Гойда и Шатров, направляясь на Дунай, полагали, что пробудут там недолго, несколько дней: выяснят все о Кашубе и выедут обратно в Закарпатье. Ошиблись. Пробыли они на Дунае и на Черном море долго, до конца лета. Там, во владениях Смолярчука, оказалось главное направление операции.
До Черного моря добрались самолетом. В Одесском порту сели на старенький каботажник «Аркадия», благополучно прошедший все огненные бури Отечественной войны, и медленно, не теряя землю из виду, побрели на юг, вдоль плоского побережья.
День был безветренный, теплый, в щедром солнечном сиянии. Море спокойное, синее на глубинных местах и серо-пепельное, замутненное пресными речными водами ближе к берегу.
Далеко-далеко, до самого горизонта прорезала морскую равнину дорога, вспаханная тупоносой «Аркадией». И над ней кружились чайки, выхватывая из воды арбузные корки, куски хлеба, брошенные с кормы судна.
На палубе, в тени брезентового тента, расположились дунайские колхозницы, возвращающиеся из Одессы.

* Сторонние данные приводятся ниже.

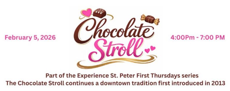 Experience St. Peter invites you to enjoy a Chocolate Stroll, a ticketed Valentine-season experience featuring a small group of downtown businesses who have partnered together to create something special for our community.

Чуть-чуть хмельные от молодости, от базарных удач, от свежего морского воздуха, от доброго безделья, неожиданно выпавшего на их долю, они хохотали, задирали проходящих мимо матросов и пассажиров, потом затянули песню.
Шатров вздохнул, посмотрел на Гойду.
— Хорошо поют! Присоединимся?… Нет, нельзя. Уйдем подальше от соблазна. Пойдем, Василек, пойдем!
Шатров направился в носовую часть «Аркадии», высоко, по привычке, неся седую свою голову. Плечи его, обтянутые тесноватым, из недорогой ткани, но хорошо сшитым пиджаком, молодо распрямлены, плечи силача. Шагал он по палубе твердо, уверенно, будто был здесь не пассажиром, а хозяином, капитаном. Гойда шел позади Шатрова. Одет тоже не броско, как и полковник: темные штаны, серая спортивная куртка поверх клетчатой, раскрытой на груди рубашки. Обыкновенный парень с берегов Дуная.
Пока они шли по палубе, их преследовала песня.
У якоря Шатров сел на какие-то ящики, накрытые потемневшим от времени брезентом. Задумчиво смотрел на море, на темную полосу берега, останавливал взгляд на какой-нибудь чайке, следил глазами за ее полетом, прислушивался к песне, доносящейся с другого конца корабля, и неторопливо заполнял неразборчивыми каракулями страницу за страницей дневника для себя.
«В последнее время нет такого дня, когда бы я не поверял свои мысли бумаге. Не ожидал от себя такой прыти. Почему мне вдруг' захотелось писать? Почему мысленно рисую картину за картиной, сочиняю песни, музыку! Да, и музыку! Слышу ее. Вот и теперь — в сияющем теплом море, в высоком небе, в тревожных криках чаек, в солоноватом свежем черноморском ветре, в смехе дунайских рыбачек, в пароходных гудках.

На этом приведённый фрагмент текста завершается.